Only some lines are wanted. Transcribe, exactly, the lines below from the line with "Vit- och ljusblå" up to and including the line with "The original known".

Entries taken from a collection:
◇ ◇ ◇ ◇ ◇
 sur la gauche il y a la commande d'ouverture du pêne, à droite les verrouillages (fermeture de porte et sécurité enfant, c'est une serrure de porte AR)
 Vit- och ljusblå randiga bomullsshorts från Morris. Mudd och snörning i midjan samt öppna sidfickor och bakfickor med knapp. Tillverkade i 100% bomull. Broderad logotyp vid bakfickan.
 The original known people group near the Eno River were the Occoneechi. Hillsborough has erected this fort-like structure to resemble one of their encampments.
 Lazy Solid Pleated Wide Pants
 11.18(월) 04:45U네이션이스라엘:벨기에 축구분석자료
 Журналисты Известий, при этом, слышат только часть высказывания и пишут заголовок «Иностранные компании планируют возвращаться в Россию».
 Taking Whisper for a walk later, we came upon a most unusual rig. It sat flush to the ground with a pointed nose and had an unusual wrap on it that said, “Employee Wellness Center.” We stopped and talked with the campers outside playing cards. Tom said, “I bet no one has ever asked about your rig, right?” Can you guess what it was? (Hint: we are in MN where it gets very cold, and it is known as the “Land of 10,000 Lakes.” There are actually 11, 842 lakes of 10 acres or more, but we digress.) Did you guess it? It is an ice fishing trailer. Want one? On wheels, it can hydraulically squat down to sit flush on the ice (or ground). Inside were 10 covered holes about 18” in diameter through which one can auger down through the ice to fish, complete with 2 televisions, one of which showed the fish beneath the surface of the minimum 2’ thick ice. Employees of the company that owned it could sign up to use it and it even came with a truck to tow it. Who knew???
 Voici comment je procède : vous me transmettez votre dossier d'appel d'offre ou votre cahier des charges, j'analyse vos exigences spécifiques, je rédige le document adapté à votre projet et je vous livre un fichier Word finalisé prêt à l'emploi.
◇ ◇ ◇ ◇ ◇
_OUTPUT BELOW_.
 Vit- och ljusblå randiga bomullsshorts från Morris. Mudd och snörning i midjan samt öppna sidfickor och bakfickor med knapp. Tillverkade i 100% bomull. Broderad logotyp vid bakfickan.
 The original known people group near the Eno River were the Occoneechi. Hillsborough has erected this fort-like structure to resemble one of their encampments.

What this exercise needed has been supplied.